9. Let us now turn to the charge framed against the appellant under Section 498-A r/w Section 304B of the Indian Penal Code. In view of the allegations of the prosecution, it appears from the evidence on record, that it is the prosecution case that accused was a greedy person and insisted his wife Rumana to bring Rs. 40,000/- from her parents to purchase a room and as his demand was not fulfilled he used to quarrel with her and to beat her and finally set her on fire after pouring kerosene on her. In order to bring home the guilt for these charges the prosecution has relied upon the evidence of P.W. 2- Ruksana and P.W. 4 Alamgir, the parents of Rumana, along with the dying declaration Exh. 50. P.W. 2 Ruksana has deposed about the demands of the accused and subjecting Rumana to cruelty to get his demand satisfied. In our view, the evidence of Ruksana, though she is mother of deceased Rumana, and, therefore, was best witness, cannot be accepted for simple reason that the investigating officer has not recorded a statement under Section 161 of Cr.P.C. and, therefore, the defence would not be in a position to test the authenticity of her testimony before the Court. However, the evidence of P.W. 4 Alamgir, father of Rumana, is sufficient to establish that the accused was making demand of Rs. 40,000/- and he used to approach him to demand the money, and on non-payment of the money he harassed Rumana physically and mentally. This evidence is supported by the contents of dying declaration Exh. 50 recorded in J.J. Hospital, Mumbai wherein she has clarified that the demand of Rs. 40,000/- made by the accused and non-fulfilment of the said demand the accused picked up quarrel and used to beat her.
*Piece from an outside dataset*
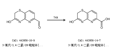 1.通过3-氧代-3,4-二氢-2H-吡啶并[3,2-b][1,4]噻嗪-6-甲醛合成3-氧代-3,4-二氢-2H-吡啶并[3,2-b][1,4]噻嗪-6-羧酸,收率约74%;

The cumulative effect of this evidence is sufficient to show that the cruelty as contemplated under Section 498-A is established and since the accused subjected Rumana to cruelty and since Rumana died within seven years after her marriage and soon before her death she was subjected to cruelty, presumption under Section 113-B of Indian Evidence Act has to be drawn to hold that the accused caused dowry death of Rumana.

10. In view of this evidential position, we are totally satisfied that the learned Trial Judge has rightly appreciated the evidence and, therefore, reasoning adopted and findings recorded by him deserve to be confirmed.

In the result the appeal stands dismissed.